Au cours des paragraphes précédents, nous avons plusieurs fois évoqué la fiction, sans préciser de définition plus rigoureuse de celle-ci. La fiction étant intimement liée à la question de l’imaginaire, il convient de la définir et de relever les multiples liens qu’elle entretient avec notre sujet.

2.2.1. Définition

La définition de la fiction varie selon les domaines d’étude. Dans le Trésor de la Langue Française Informatisé, on trouve ainsi plusieurs définitions : la fiction est d’abord « le produit de l’imagination qui n’a pas de modèle complet dans la réalité ». Puis rapidement, la fiction soulève la méfiance : « Mensonge, dissimulation faite volontairement en vue de tromper autrui », « Construction imaginaire consciente ou inconsciente se constituant en vue de masquer ou d’enjoliver le réel » ou, en didactique, « Hypothèse dont on ne sait à l’avance si elle est juste ou fausse, qui permet l’élaboration d’un raisonnement ».

La fiction a un statut provisoire, incertain, soit parce qu’elle est une entourloupe, une tromperie, soit parce qu’elle est une construction pour « masquer », « enjoliver », donc tromper aussi mais à des fins moins malintentionnées. En didactique, elle a un statut provisoire, en attente, et c’est la confrontation avec le réel qui la validera, ou l’invalidera.

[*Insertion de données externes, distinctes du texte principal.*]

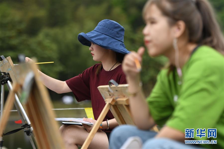 4月24日,繪畫愛好者在西遞風景區(qū)寫生。新華社記者張端攝

C’est peut-être la définition spécifique du domaine artistique qui correspond finalement le mieux à notre situation : « Création imaginaire, souvent anecdotique, dans une œuvre artistique, littéraire ou cinématographique le plus souvent, constituant un code de lecture entre le créateur et son public ». Ne s’agit-il pas d’un même « code », un contrat implicite autour de la feintise, que l’on passe en situation de classe ?

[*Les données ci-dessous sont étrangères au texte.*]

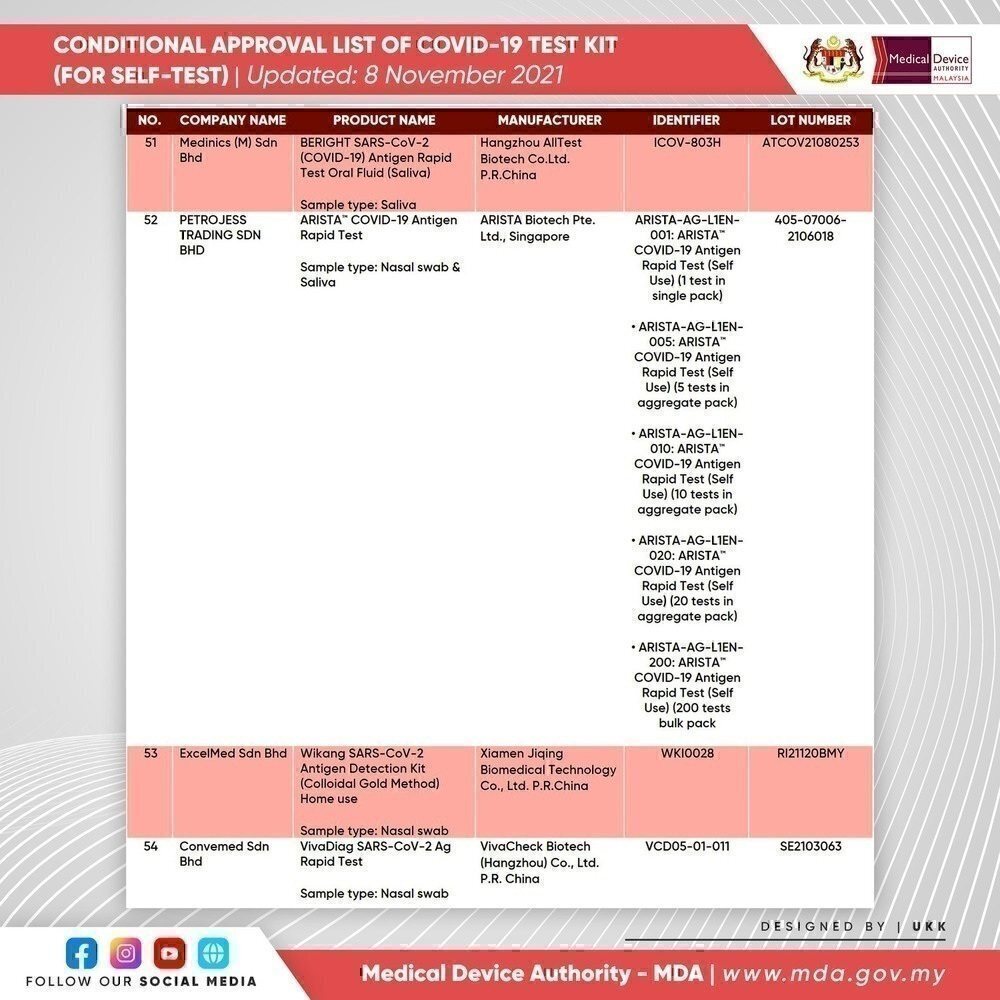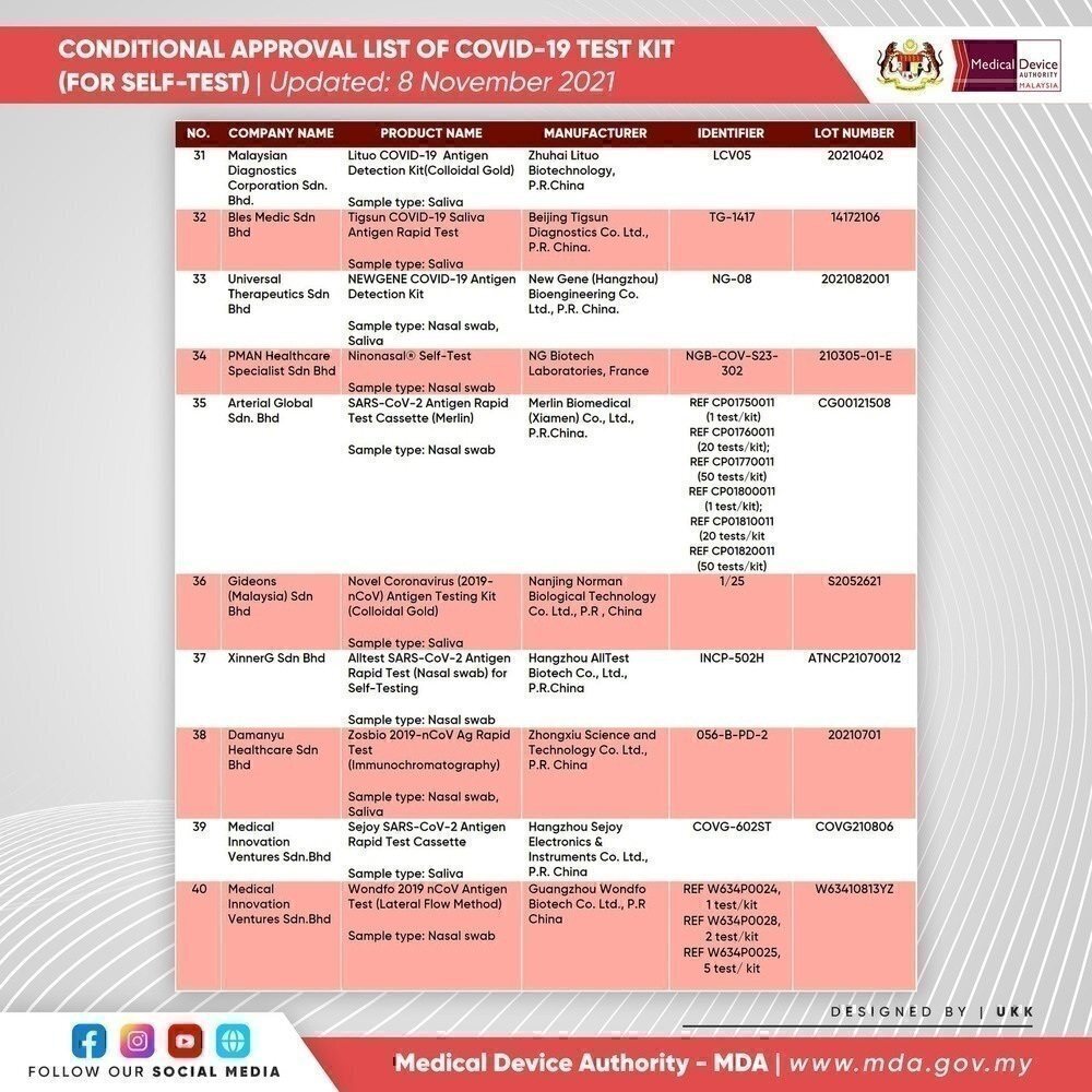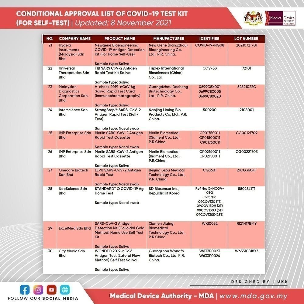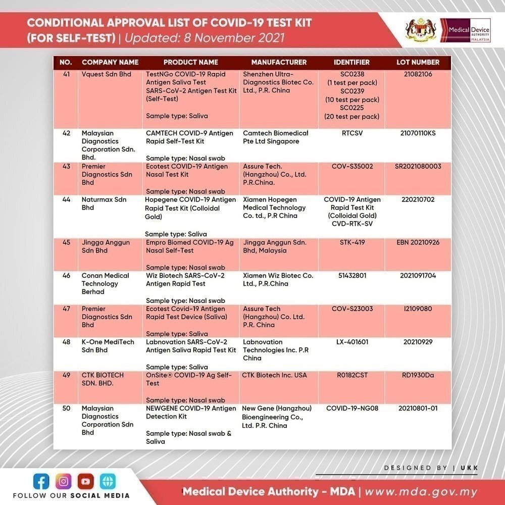 CONDITIONAL APPROVAL LIST OF COVID - 19 TEST KIT (FOR SELF TEST) - 8 NOV 2021

2.2.2. La fiction en classe de langue

En effet, le cadre de la classe est bien réel mais de nombreuses activités qui s’y déroulent sont soumises à un contrat de fiction. C’est le cas des jeux de rôle où l’on feint d’être serveur, agent immobilier, vendeur de vêtements, on feint d’acheter, de négocier, d’être servi. Le cadre de la classe n’étant pas destiné à être le cadre réel d’échanges en langue-cible, il nous faut convoquer des espaces fictifs, ou imaginaires.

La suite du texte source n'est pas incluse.